# EDT pausieren



## Network (2. Okt 2012)

Hallo,

*Behauptung*
Ich hatte einen Tipp erhalten, dass es manchmal ganz hilfreich sein kann, den EDT bei Programmen die in einer Schleife laufen kurzzeitig zu pausieren um damit die Leistung des Programmes/des anderen Threads zu erhöhen.

*Beispiel*

Das Programm hat die typische Programmarchitektur eines Spieles.
Ein Thread läuft in einer Schleife und berechnet ständig alle Objekte neu.
Der andere Thread ist der EDT, dieser wird jetzt beispielsweise bei Fingerbewegungs-Events mit Thread.sleep(time in milliseconds); pausiert.

*Frage*

Was haltet ihr von der Behauptung? Sinnvoll oder Nonsense?
Selber Erfahrungen damit gemacht, oder logisch erdacht?

*Zuzügliche Information*
-> Android!
Wobei eine Aussage zu Computern selbst auch sehr hilfreich und interessant wäre.

Vielen Dank
Gruß
Net


----------



## schlingel (2. Okt 2012)

Absoluter Nonsense!. Was soll das bringen, außer dass dir das System die App abdreht. Der EDT in Android ist der UI-Thread. Wenn du den schlafen legst, passiert genau gar nichts mehr da alle Änderungen erst upgedated werden können wenn der UI-Thread aufwacht.

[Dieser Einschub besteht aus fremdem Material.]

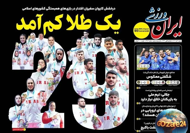 مهمترین اخبار روز ورزشی، سیاسی و اجتماعی شنبه ۱ آذر ۱۴۰۴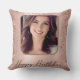 Celebrate a milestone with a touch of elegance! This chic Happy Birthday throw pillow features a stunning rose gold glitter aesthetic with a stylish metallic gradient. Designed to make memories last, it includes a central custom photo placeholder so you can feature the birthday girl’s favorite portrait.

Abgesehen davon, checked das System ständig ob deine App noch reagiert. Tut sie das nicht, weil sie z.B. schläft, kommt der Dialog ob man die App force closen möchte oder warten möchte.

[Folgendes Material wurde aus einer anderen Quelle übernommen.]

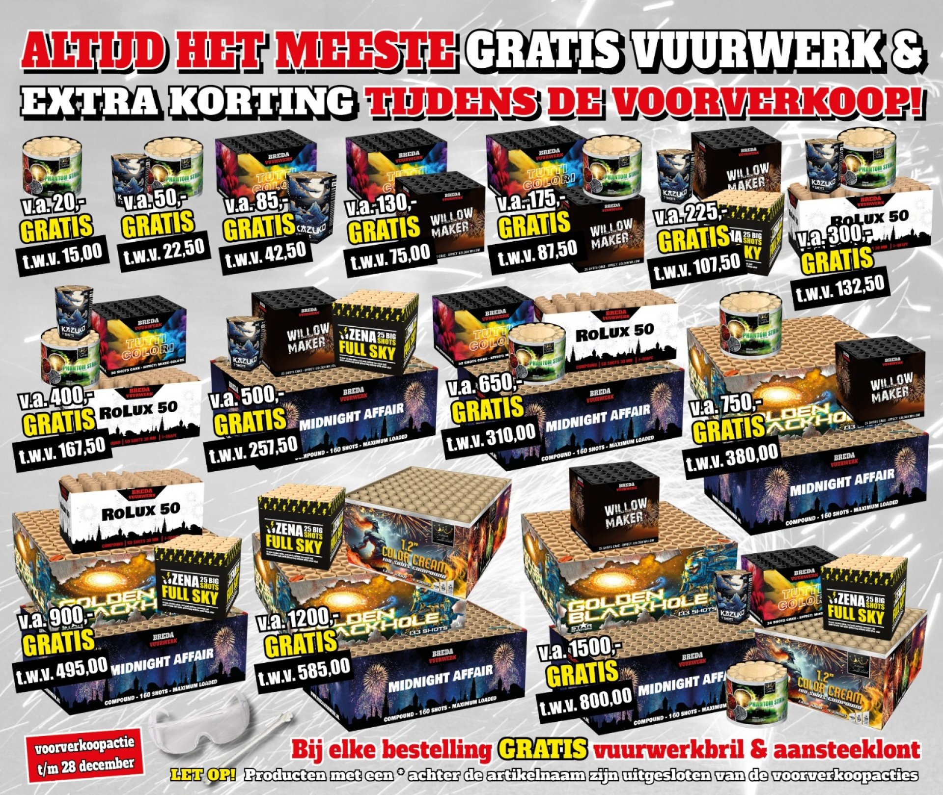 ü Profiteer van het meeste gratis vuurwerk in de voorverkoop en losse verkoop

Im Gegenteil, es kann bei allen anderen Threads außer dem UI-Thread bzw. dem EDT-Thread Sinn machen diese schlafen zu legen. Z.B. bei einer GameLoop in der relativ wenig passiert würde ich immer ein paar ms schlafen gehen.


----------



## Network (2. Okt 2012)

Danke! Sehr hilfreich!

Gruß
Net


----------